Nov 10, 2023 4 tweets 1 min read
Biggest misconceptions in AI:

1. Confusing skill and intelligence. They are orthogonal. General intelligence can be converted into skill at many tasks, but in reverse, you can achieve arbitrary levels of skill at arbitrary tasks without requiring any intelligence at all. 2. Believing that creating artificial intelligence would equate creating artificial human-like entities. Humans are a complex assembly of multiple systems, of which intelligence is one. Replicating intelligence specifically would not entail replicating emotions, awareness, social skills, human needs and motivations, etc. A true AI would be extremely non human-like by default.
Oct 31, 2023 6 tweets 2 min read
I think there are broadly three categories of problem solving patterns -- recitation, intuition, and reasoning.

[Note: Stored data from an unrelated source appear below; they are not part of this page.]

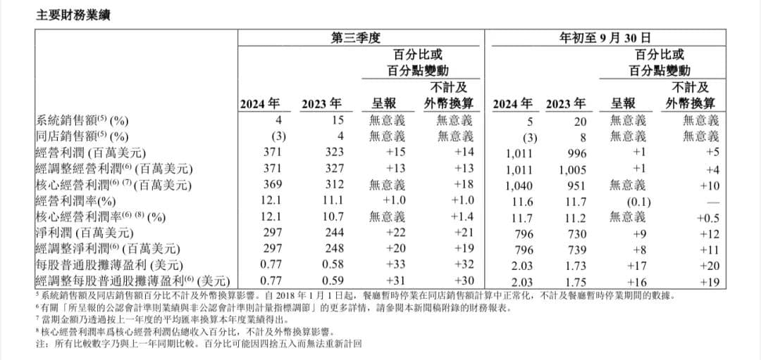 而据百胜中国近日发布的第三季度财报显示,其总收入同比增长5%至30.7亿美元,为历史最高季度;经营利润达到3.71亿美元,同比增长15%;经营利润率也同比增长100个基点,这得益于稳健的餐厅利润率和管理费用减少。
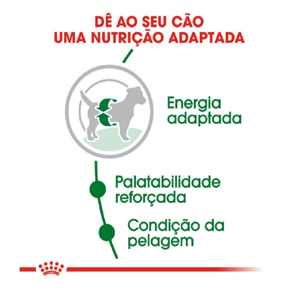 A Ração Royal Canin Mini Adult para Cães Adultos de Mini Porte oferece auxílio aos cães de pequeno porte para manter o peso ideal, e com isso satisfazendo as suas elevadas necessidades energéticas. Através da sua combinação única de aromas, satisfaz os apetites mais delicados e exigentes. A Ração Royal Canin Mini Adult para Cães Adultos de Mini Porte contém nutrientes que auxiliam na manutenção da saúde da pele e da pelagem. Também auxilia na redução e na formação de tártaro graças a agentes quelantes de cálcio.
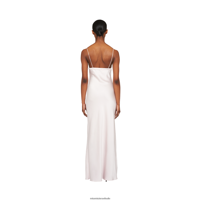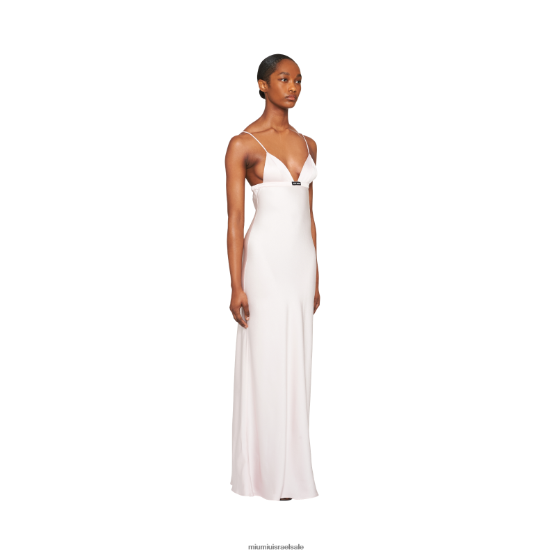 אלגנטיות כריזמטית, מעודנת וסתמית מאפיינת את שמלת הסאטן הארוכה הזו. קו הצוואר הנמוך והשוליים המתרחבים בולטים על רקע הבד החלק והחלק, ויוצרים צללית מתפתלת וחושנית. לוגו הג'קארד משלים את העיצוב עם מגע יחודי.

Recitation: you simply recognize a known problem and apply the steps you've learned. Like playing a chess opening.

Intuition: in the face of a novel situation, you (mostly subconsciously) pattern-match it to what you've encountered before and you "just know" what to do (sometimes without really understanding why). Could be done completely in autopilot -- no awareness required. Like a very experienced chess player seeing the best move in <1s.

Reasoning: you consciously and deliberately analyze a novel situation, using a combination of abstract principles and step-by-step simulation. Like analyzing a chess position and simulating in your mind possible future trajectories. Recitation is a database lookup.

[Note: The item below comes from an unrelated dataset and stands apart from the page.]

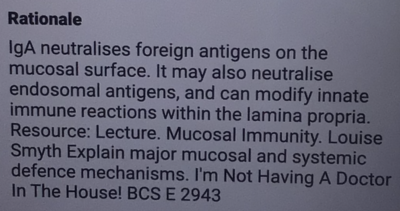 = e. Reduced ability to neutralise pathogens and toxins on the mucosal surface

Intuition is interpolative generalization or proximity-based generalization in a continuous space.

Reasoning is discrete search and discrete planning.
Aug 21, 2023 4 tweets 1 min read
When reporting performance on ARC, make sure to separately report train set and validation set performance... Keep in mind that the train set contains many "curriculum" tasks, whose purpose is to learn Core Knowledge priors, and which are much simpler than other tasks. If you report ~85 total solved tasks out of the 400 train set + 400 validation set tasks, I'm going to guess that ~60-70 of the solved tasks were in the train set. Your actual performance would then be ~20 out of 400, which is 5%. SotA is ~30%.
Aug 19, 2023 5 tweets 1 min read
Neuroscience is slowly reaching a stage of advancement where it is going to become very useful for fundamental advances in AI. And this is partly thanks to AI, e.g. image segmentation. None of the key ML techniques developed in the past 20 years were inspired by neuroscience or connected to neuroscience at all (not that people didn't try bio-inspired mechanisms -- but those simply didn't stick in practice). But this might not be true for the next 20 years.
Aug 10, 2023 14 tweets 4 min read
If you train a ML system on one task, and then it becomes able to perform another task you did not anticipate, that's emergence.

Many people interpret "emergence" as something wondrous and magical -- "it's alive!" But it's actually banal and has been going on for a long time. Emergent learning happens because information space is not random. It's highly organized. So that if you learn one aspect of its organization, you will pick up other aspects as a by-product.

It's especially prevalent with self-supervised learning.